Consider how routinely she puts herself out there in risky projects and roles with daring chutzpah. What's more she doesn't even wall herself off from emotions, admitting in the press conference that she's "sad" that the Rainier family wish the movie didn't exist. She also revealed again, as she did in our interview here, that career success and personal happiness are rarely completely aligned and she wishes that weren't so. She got philosophical at the press conference when asked about giving up acting for love (as Grace Kelly famously did.)

I’ve lived without that and existed without that in my life, and it’s a very empty life. I’ve always said that when I won the Oscar, I went home and I didn’t have that in my life. And that was the most intensely lonely period of my life. And I’ve also said that, strangely for me, the greatest highs have coincided with the greatest lows … It’s always aggravated me that it’s gone that way. I’m hoping that one day I can have a professional high and a personal high. I don’t know if that’s ever possible.” 


3. Amy Adams Commands Top Dollar
While Nicole was working the red carpet, another lauded redhead was the hottest ticket... for 2016? Denis Villeneuve's sci-fi drama The Story of Your Life adapted from Ted Chiang's award-winning short story was sold to Paramount for $20 million in a bidding war before a single frame has been shot. It will star the seemingly unstoppable Amy Adams. She'll play a linguist asked to communicate with alien invaders. I assume the high price tag is due to both Amy's hot streak and Villeneuve's rising star in the director's chair (Prisoners & Enemy both won good reviews and, perhaps more importantly, proved that he's skilled at getting great work from top Hollywood names). The huge grosses for Gravity, essentially a one-woman show, can't have hurt its case either.

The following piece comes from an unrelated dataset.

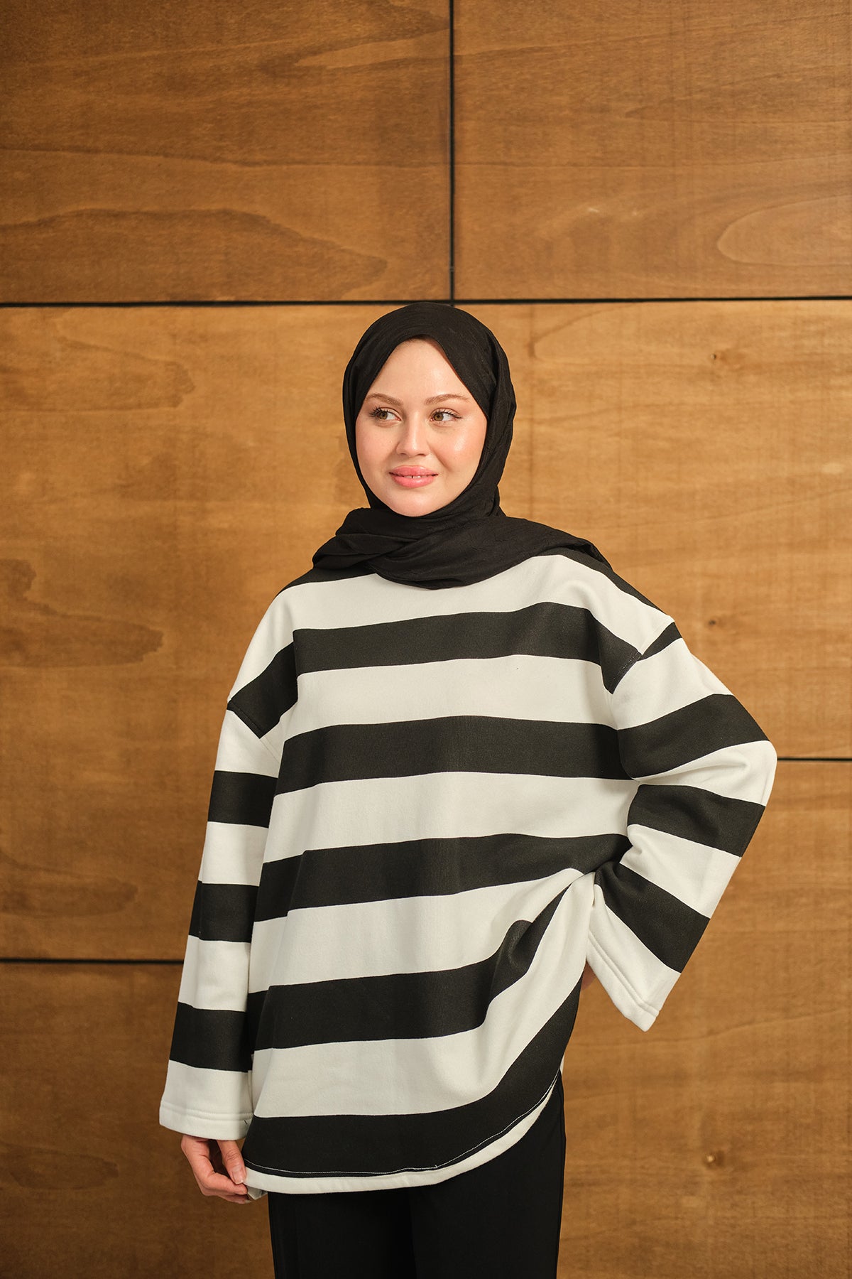 Thick Striped Sweatshirt - Black

But, real talk: audiences have never been averse to women fronting sci-fi films. Alien (1979) and Aliens (1986) were massive hits. Contact (1997) was a big hit. It's not audiences that are resistant to women, it's nervous Hollywood executives who have to be reminded over and over again that female driven movies can make money. Flops starring men never have them suddenly worrying about producing the next film starring a man, you know?

In other sales news Sony Pictures Classics picked up Bertrand Bonello's Saint-Laurent, the Yves Saint-Laurent biopic that's playing in competition. Curiously there could be two French-language YSL biopics heading our way this year because The Weinstein Co bought the other one last year and have yet to release it.